Posted by Tom Sullivan on October 6, 2003 07:29 AM
October 03, 2003 | Comments: (0)
It's a conference about blogging, by bloggers, and for bloggers. Naturally enough, it's called BloggerCon, and it kicks off tonight.
The who's who list of blog-thinkers in attendance includes Glenn Reynolds, Patrick Delaney, Kaye Trammell, Joe Jones, Scott Rosenberg, Jim Moore, Adam Curry, Andrew Grumet, Jeff Jarvis, James Taranto, Eugene Volokh, Mathew Gross, Eric Folley, Halley Suitt, Doc Searls, Elizabeth Spiers, Joshua Marshall, Brian Weatherson, Chris Locke, Phil Wolff, Susan Mernit, Scott Heiferman, Cameron Barrett, Len Apcar, Jenny Levine, Dan Gillmor, Jon Udell, A.K.M. Adam.
It's moderated by Lance Knobel, Ed Cone, Christopher Lydon, and hosted by Dave Winer. (A few random links added here to some of the guys I read.)
Why did I list all those names? Because blogging is, above all, a social phenomenon. It's as much about the people and their ideas as it is the enabling technologies. But don't take my word for it, follow the proceedings via BloggerCon's RSS feed and you'll find out for yourself.
Posted by Mark Jones on October 3, 2003 05:08 PM
October 03, 2003 | Comments: (0)
Sun: Will it fall in line again?
It will be interesting to see whether Sun Microsystems rejects all advice offered by a Merrill Lynch analyst this week or ends up abiding by any or all of the analyst's recommendations. Perhaps this might happen in a few years when everyone may have forgotten what the analyst said.
In an open letter, analyst Steven Milunovich suggested, among other things, that Sun faces a crisis and must spin off its prized Java programming language and start de-emphasizing its SPARC hardware architecture.

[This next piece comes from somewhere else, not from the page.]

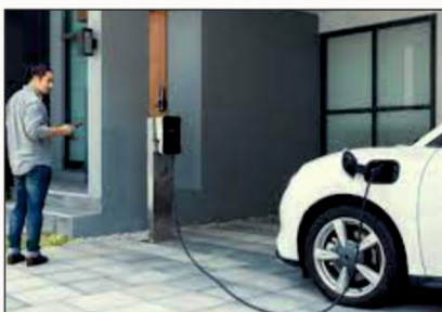
EV CHARGING POINT

It would be easy to expect Sun to reject Milunovich's drastic words out of hand as just the ramblings of a single analyst. But history tells us Sun has held out against the tide of the industry before and then begrudgingly fell in line.
Anybody remember the Open Look vs. Motif battle of the early 1990's?
In that classic match-up, it was Sun Microsystems against the rest of the Unix industry, which had gathered together as the Open Software Foundation in a battle of GUI's. Sun remained steadfast in support of its Open Look interface while everybody else adopted OSF Motif.
After years of resistance, though, Sun endorsed Motif. But it did not matter much anyway because while the Unix camps were like two motorists arguing on the side of the road after a fender-bender, Microsoft sped past both of them and captured the desktop with Windows.
More recently, Sun has begun selling Intel systems after flying the SPARC-only hardware flag for years. The company also has begun selling Linux, after holding out as a Solaris Unix-only vendor.
Spinning off Java could become an obvious solution for Sun if its losses continue and money is to be made through such a move. Opting for more Intel boxes in its product line over SPARC would already be evident as a move toward adopting the de facto, industry-standard hardware architecture.
So will Sun ever spin off Java? Move away from SPARC? Time may surprise us.